Bike the Drive pics I am too cheap to pay for


I get emails from the Chicagoland Bicycling Federation with offers to buy pictures they took of me from Bike the Drive, the Memorial Day event where they close off Lakeshore Drive for five delicious hours and allow bicyclists to turn it into their personal pedal-powered paradise, a description that is almost too illiterative to allow to live but which I am leaving in because it's exactly that annoying to receive these emails. They're a kind of betrayal. First, although they strongly encourage you to sign up for Bike the Drive and pay your $40+ fee for the privilege of not choking on petrol fumes, and even deliver a t-shirt and number to stick on your helmet, they hardly enforce the helmet sticker on the road. (I'm told you need one for rest stops, which I took advantage of when I got to the southern end of the course, at the Museum of Science and Industry at 57th Street, so perhaps they're at least good for two bananas, a fig newton and lemonade, especially if you didn't think ahead and bring water or sustenance.) The sticker is there, I must then surmise, so they can photograph and identify the bicyclists, photos which they then turn around and sell to said cyclists. I apologize for the second round of alliteration. That stuff gets in your blood something fierce. That leads me to second: I didn't ask to be photographed, and it's not like I could have opted out when they had at least four photographers at different ends of the course. Do I look like the poster boy for Chicacoland cycling here, with my wraparound sunglasses, uncool helmet and fold up bike at six o'clock on a Sunday morning? No? Well, safety demands my picture be taken just in case of... well, JUST IN CASE.

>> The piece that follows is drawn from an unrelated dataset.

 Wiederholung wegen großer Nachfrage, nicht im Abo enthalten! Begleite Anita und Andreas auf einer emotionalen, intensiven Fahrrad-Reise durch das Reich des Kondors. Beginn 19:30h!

Third, these photographs aren't cheap, and the Chicagoland Bicycling Federation already have my money, which they took from me in order to charge me more money for photographs I didn't ask them for. Sounds like capitalism at work. The only way it could get better is if at rest stops they only sold me bananas with pictures of me on them eating other bananas. On second thought, perhaps it's best not to give them ideas.

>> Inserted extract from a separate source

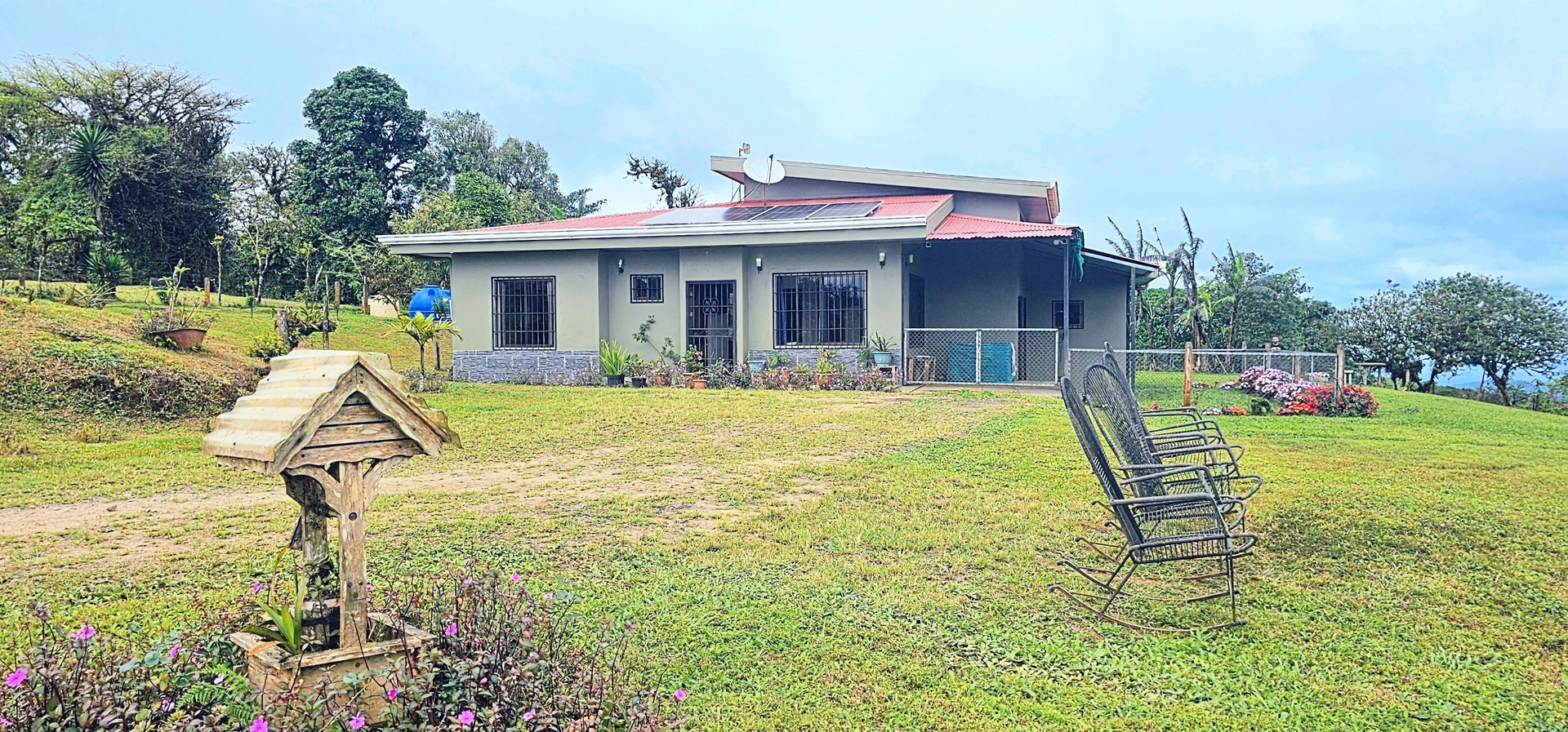 400193286083 - Off-Grid Mountain Home with Multiple Volcano Views on 5,775 m² – La Balsa, San Ramón - Located in the peaceful countryside of La Balsa, this beautifully maintained off-grid property offers privacy, sustainability, and spectacular views of several of Costa Rica’s volcanoes. From the home you can see Platanar Volcano, Porvenir Volcano, and Barva Volcano, while Arenal Volcano can be viewed from the top of the hill just steps from the house.Set on 5,775 m² (approximately 1.4 acres) of lush land, the property features a well-constructed 130 m² home offered semi-furnished and in excellent condition. The home includes 3 bedrooms, a beautiful kitchen with quality finishes, 2 attractive tiled bathrooms, andhot water throughout, providing comfortable modern living in a peaceful natural setting.Self-Sufficient InfrastructureThis property is designed for reliable off-grid living. The home operates on a robust solar energy system consisting of:12 solar panels (8 × 585W and 4 × 610W high-efficiency N-type half-cell panels)8 kW inverter/converter providing both 120V and 240V powerTwo 100Ah batteries for energy storageWater is supplied from a private well equipped with a 240V submersible pump that draws only 7 amps while running. The system is controlled by an automatic controller that feeds water into two holding tanks located near the house, ensuring a consistent and reliable water supply.Land and Fruit TreesThe land offers a beautiful natural setting with productive fruit trees already established, including:SapoteWater appleLemonMandarinAvocadoGuavaPlantainBananaCastañoThe owners are also actively reforesting the back portion of the property, with 60 trees already planted and an additional 65 planned, creating a sustainable and environmentally friendly landscape for the future.LocationAccess is via a private road, providing privacy and tranquility while still being within reasonable reach of the services, shops, and amenities of San Ramón.This unique property is ideal for buyers seeking:Sustainable off-grid livingA peaceful mountain retreatA self-sufficient lifestyle surrounded by natureA private residence with exceptional volcano viewsWith its combination of beautiful scenery, independent utilities, established fruit trees, and reforestation efforts, this property offers a rare opportunity to enjoy a truly sustainable lifestyle in Costa Rica’s mountain countryside.

I really do like the idea of photographs, even if I think I look like I've been photoshopped onto the bike I'm riding. It would just be so much cooler if they included the photos in the price of the event. Afterwards, instead of them pushing emails out to all participants with offers to sell them photographs, they send out gentle reminders that, hey, we all had fun, didn't we? And, by the by, you can download pictures of yourselves from our website... look for them by your helmet number, which we've handily catalogued using the same OCR that turns your scans into an editable Word document.

Like so many things technological, this is so much easier in my mind than in actual practice. Still worth doing, though.